1. Syukuran saat seorang wanita mulai hamil.

2. Syukuran  pada bulan ke dua, ke empat dan ke tujuh kehamilan

3. Syukuran tingkeban

4. Syukuran saat bayi lahir

5. Syukuran sepasaran, selapanan, dan puputan

6. Syukuran tedak siten

7. Khitanan

 

1. Syukuran saat seorang wanita mulai hamil .

Pada saat seorang wanita terlambat haidnya, diadakan upacara syukuran pada hari weton si wanita. Weton adalah saat lahir seseorang, berdasar Kalender Jawa. Tembung Weton berasal dari tembung metu atau keluar, maksudnya hari lahir.  Jika dalam Kalender Masehi dikenal hari-hari Senin sampai Minggu, maka dalam Kalender Jawa, dikenal hari-hari pasaran, yaitu Kliwon, Legi, Paing, Pon , dan Wage . Orang yang lahir hari Jumat Kliwon, berarti weton nya adalah Jumat Kliwon.

 

2. Syukuran  pada bulan ke dua, ke empat dan ke tujuh kehamilan

Syukuran bulan ke empat disebut ngupati , atau ngapati (dari kata papat, atau empat) , dan syukuran bulan ke tujuh disebut mitoni (dari kata pitu atau tujuh), tingkeban , atau nuju bulanin (Bahasa Betawi).

Selain bersyukur pada Tuhan, upacara syukuran itu juga dimaksudkan untuk mohon doa dan  berbagi rasa bahagia pada saudara, sahabat, dan tetangga. Bentuk rasa syukur, tergantung niat si empunya hajat. Bisa cukup sederhana, dengan sekedar membagikan bubur abang-putih dan jajan pasar pada kerabat dan tetangga; bisa juga dengan membagikan sega gudangan , bahkan mengundang kerabat dan tetangga, dan menjamunya dengan hidangan yang pantas. Semua upacara,selalu diawali dan diakhiri dengan doa.

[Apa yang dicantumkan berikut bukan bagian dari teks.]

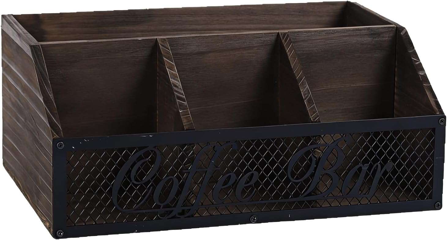 Vintage Coffee Supplies Holder Featuring Open Pattern For Tea Sugar Packets And Creamer Dispensers Features: Organized Storage: Features adjustable dividers and spacious compartments to neatly arrange beverage pods, tea bags, tall cups, ingredient jars, and other accessories, keeping your counter tidy and efficient Rural Industrial Design: Combines sturdy metal panels with vintage inspired lettering and warm brown finishes for a blend of nostalgic charm and modern functionality, complementing various decor styles while providing easy access to stored items Easy Assembly with Included Hardware: Comes with clear illustrated instructions, fasteners, and mounting tools for simple installation, requiring denial extra parts—perfect for beginners to assemble Sturdy & Secure Construction: Made with wood and reinforced metal panels for strength, featuring a textured base to minimize movement, ensuring dependable for daily use Versatile Placement preferences: Sized to fit kitchen counters, home beverage areas, workplace break rooms, or commercial spaces ( 31.5x21x13.5cm), conveniently placed near brewing equipment for immediate access to additives, sweeteners, and tools Specifications: Substance: wood Product size: 31.5x21x13.5cm ( particulars as shown) Main functions: kitchen club storage, offices storage Package Includes: Storage rackx1 Note: Before using the accessory, please check it is compatible Pay attention to the storage methods

Dalam hadist dinyatakan, bahwa ruh manusia ditiupkan pada hari ke 120, atau pada umur kehamilan empat bulan. Di beberapa tempat, tumbuh dan berkembang tradisi baru, yaitu pengajian dan pembacaan doa pada umur kehamilan empat bulan.

 

3. Syukuran tingkeban

Upacara ini, biasanya dilakukan hanya pada kehamilan yang pertama.  Urutan upacaranya adalah seperti berikut.

3.1. Siraman calon ibu.

Mula-mula disiapkan air yang di dalamnya sudah diisi dengan kembang setaman .  Calon ibu memakai kain batik yang dililitkan (kemben ) pada tubuhnya..Dalam posisi duduk, calon ibu mula-mula disirami oleh suaminya, lalu oleh orang tua dan sesepuh lainnya. Maksud upacara ini adalah untuk mencuci semua kotoran, dan hal-hal negatif lainnya.

3.2.Tlisipan endog ayam .

Setelah siraman, calon ayah memasukkan endog ayam (telur ayam) (kampung) di bagian dada dari kain yang dikenakan calon ibu, lalu mengurutkannya ke bawah, sampai ke luar. Ini melambangkan permohonan, agar bayi lahir dengan lancar dan selamat.

3.3. Santun busono

Santun berarti berganti, busono adalah pakaian. Calon ibu secara bergantian memakai (melilitkan pada tubuh) 7 (tujuh) kain batik, yang berbeda coraknya. Ini melambangkan, bahwa ibu calon bayi sadar, bahwa dalam membesarkan dan mendidik anak nantinya, akan dijumpai berbagai corak kehidupan. Corak batik yang dipakai urut, mulai dari yang terbaik sampai terjelek, yaitu 1) sidoluhur, 2) sidomukti, 3) truntum, 4) wahyu tumurun, 5) udan riris, 6) sido asih, 7) lasem.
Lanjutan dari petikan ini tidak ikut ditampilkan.